The method of example 9, wherein the first processor core issues the first store transaction based on the execution of a first type of store instruction that is associated with writing data directly to the common last-level cache.
The method of example 10, wherein the first processor core issues the second store transaction based on the execution of a second type of store instruction that is associated with writing data to the lower-level cache.
The method of example 9, wherein the first processor core issues the first store transaction based on an address corresponding to the target of a store instruction being executed by the first processor core falling within a configured address range.
The method of example 9, wherein the first processor core issues the second store transaction based on an address corresponding to the target of a store instruction being executed by the first processor core falling within a configured address range.
The method of example 12, wherein the configured address range corresponds to at least one memory page.
The method of example 14, wherein a page table entry associated with the at least one memory page includes an indicator that the first processor core is to issue the first store transaction.
The method of example 9, further comprising: receiving, from a register written by a one of the plurality of processors, an indicator that corresponds to at least one limit of the configured address range.
A processing system, comprising: a plurality of processing cores each coupled to at least a first level cache; a last-level cache, separate from the first level cache, to receive store data from the first level cache and the plurality of processing cores; and, a memory order buffer, coupled to the last-level cache, to receive a first line of store data from the first level cache and to receive a second line of store data from a first processing core of the plurality of processing cores without the second line of store data being processed by the first level cache.
The processing system of example 17, wherein a type of instruction being executed by the first processing core determines whether the second line of store data is to be sent to the last-level cache without being processed by the first level cache.
The processing system of example 17, wherein an address range determines whether the second line of store data is to be sent to the last-level cache without being processed by the first level cache.
The processing system of example 17, wherein an indicator in a page table entry determines whether the second line of store data is to be sent to the last-level cache without being processed by the first level cache.
The foregoing description of the invention has been presented for purposes of illustration and description.
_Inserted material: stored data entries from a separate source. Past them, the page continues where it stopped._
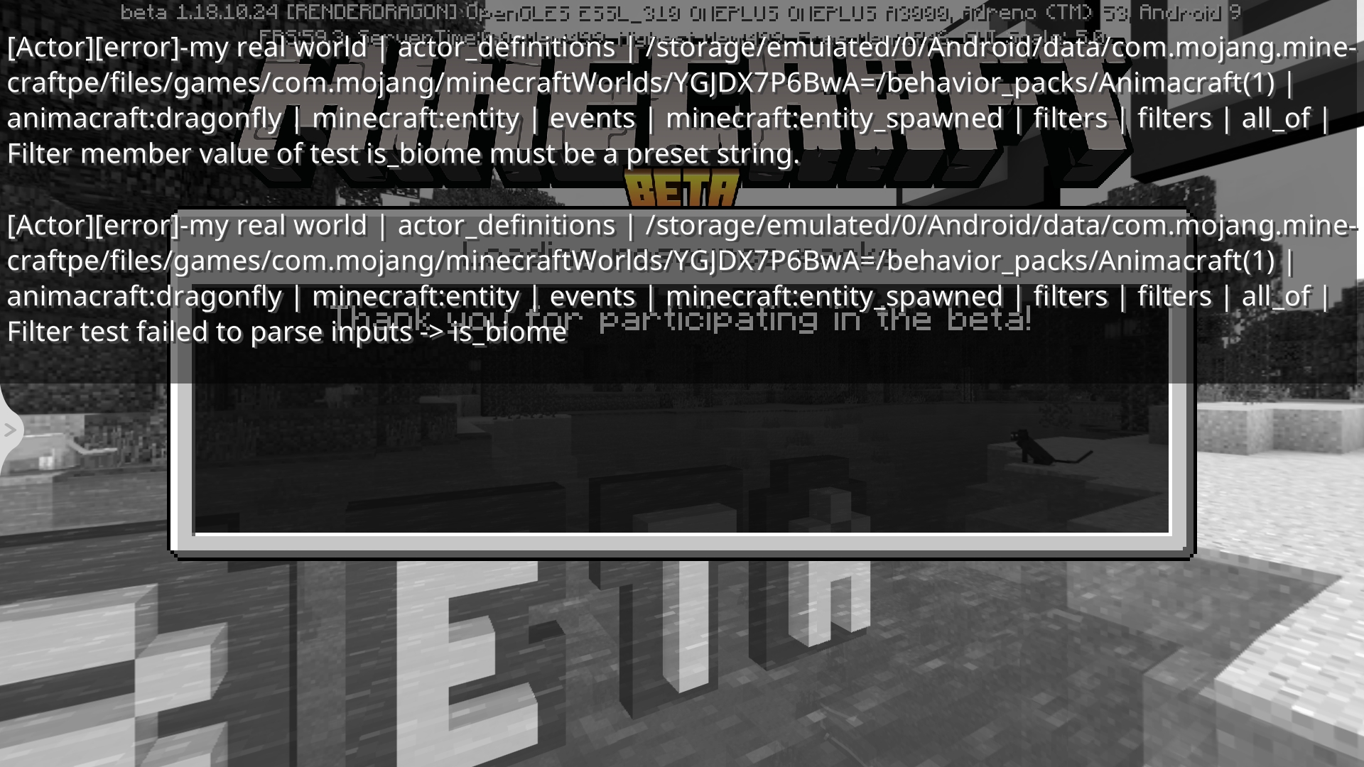 The screenshot shows an outdated version and error messages related to an addon. We can only accept reports for issues that are reproducible in vanilla Minecraft in the current release or beta version.
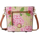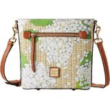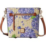 One outside zip pocket. One inside zip pocket. Two inside pockets. Inside key hook. Adjustable, detachable shoulder strap. Strap drop length 26". Lined. Feet. Zipper closure. Dooney & Bourke Hydrangea Basketweave Small Zip Crossbody | White
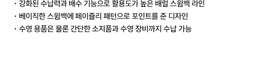 전자제품이나 귀중품을 가방 안에 넣고 물에 들어가거나 띄워놓고 사용하지 말아주세요. 물 속에서 제품을 사용할 경우 수압에 의한 침수 및 누수가 발생할 수 있습니다.

It is not intended to be exhaustive or to limit the invention to the precise form disclosed, and other modifications and variations may be possible in light of the above teachings. The embodiment was chosen and described in order to best explain the principles of the invention and its practical application to thereby enable others skilled in the art to best utilize the invention in various embodiments and various modifications as are suited to the particular use contemplated. It is intended that the appended claims be construed to include other alternative embodiments of the invention except insofar as limited by the prior art.